“La lucha de los jóvenes por el clima está diciéndole a tipos de 50 y 60 años que no tienen derecho a decidir sobre sus vidas”
El cambio climático no es solo un asunto ambiental, de un planeta que se calienta. También es una cuestión de la acción y percepción humanas; y abordar el aspecto social parece cada vez más relevante para reconocer y tratar el problema. Así lo muestra que el Consejo Superior de Investigaciones Científicas (CSIC) haya creado este año la primera plaza dedicada a analizar las “transformaciones antropológicas de la crisis climática”, que acaba de ganar el antropólogo social Emilio Santiago Muíño (Ferrol, 1984).

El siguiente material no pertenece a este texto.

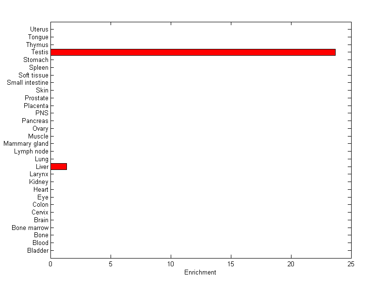 The expression level is normalized with tissue-library size. Each value for a gene in a tissue is a ratio of observed ESTs to the expected one in this tissue. The expected number of ESTs is the product of total ESTs of the gene and the fraction of total ESTs in the tissue among all ESTs in 30 tissues.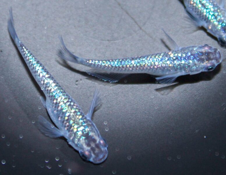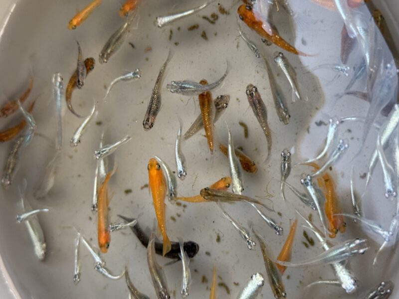 今回の研究の一番の発見は、体が真っ黒のメダカ品種「オロチ品種」の原因となる変異の発見とのこと。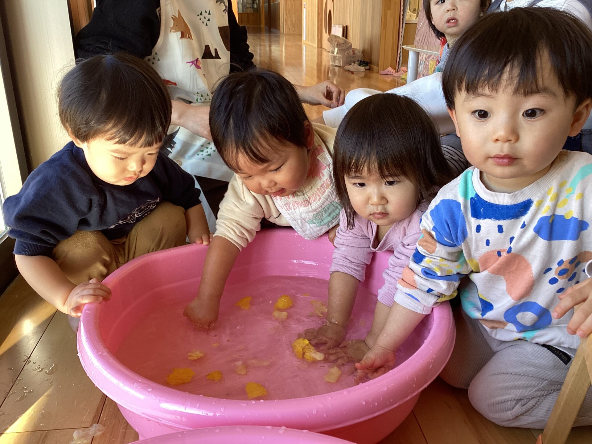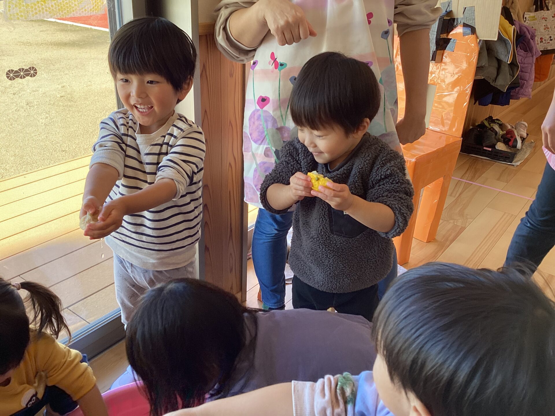 「レモンみたい!」「ぎゅってすると(果汁が)出てくるよ~」と、子どもたちの発見も尽きません。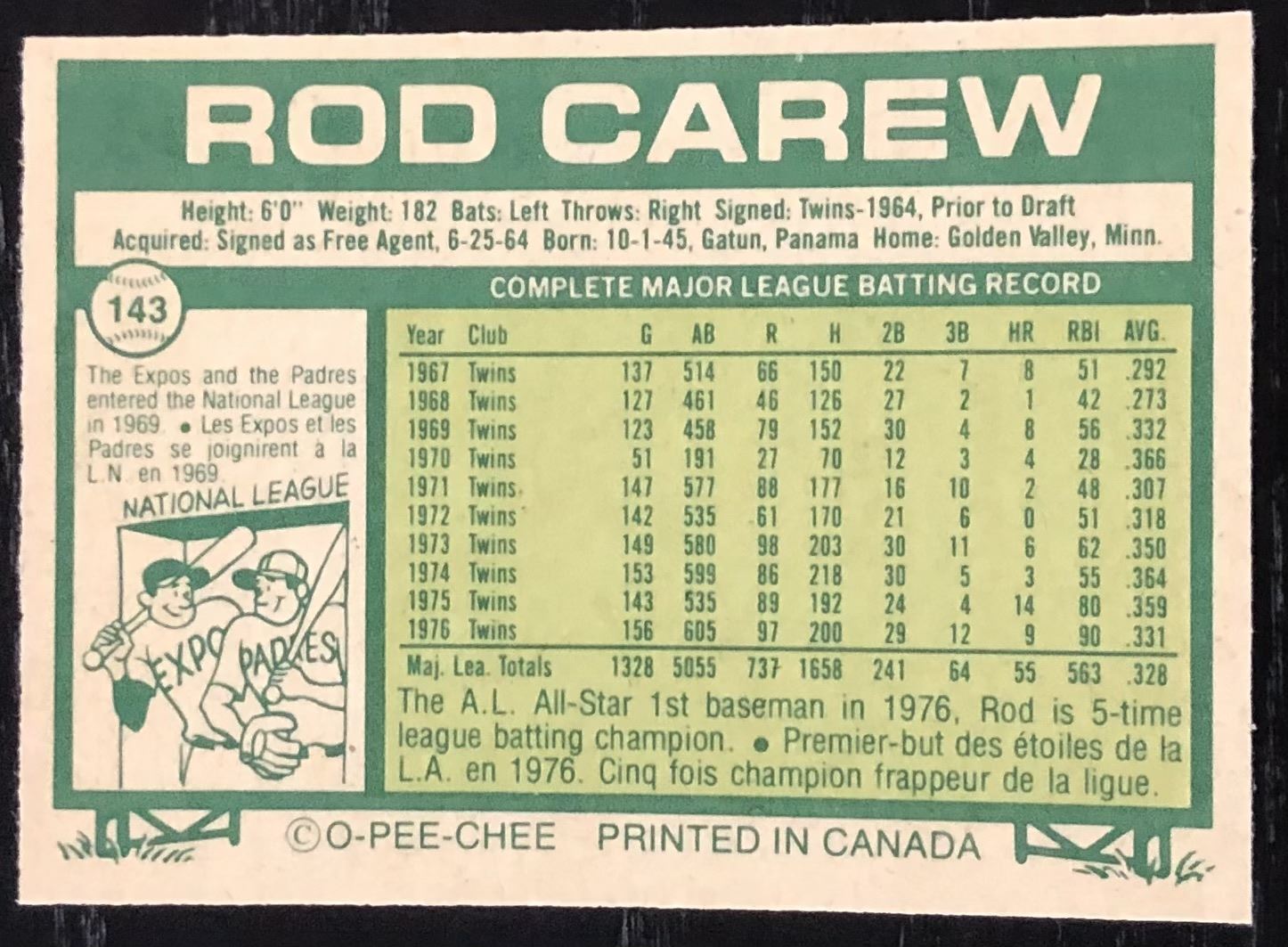 Lot 971 1977 O-PEE-CHEE ROD CAREW (HOF)
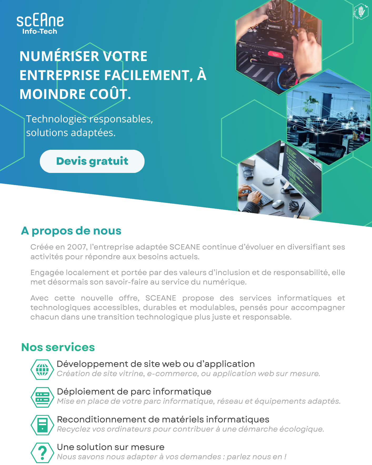 "Notre mission est d'apporter des solutions informatiques adaptées aux besoins de nos clients tout en garantissant une démarche écologique et responsable."

Desde su nuevo puesto, la tarea del investigador gallego será profundizar en la complejidad social y cultural de fenómenos relacionados con esta crisis ecológica, algo que, avanza, puede abarcar “desde el conflicto por una mina de litio en Cáceres a las asambleas ciudadanas por el clima, el movimiento de los chalecos amarillos, la actividad lobista o aspectos de la vida cotidiana como los hábitos de transporte de los ciudadanos”.
Con su plaza se inicia en el CSIC una línea de investigación de antropología climática ¿Qué es la antropología climática?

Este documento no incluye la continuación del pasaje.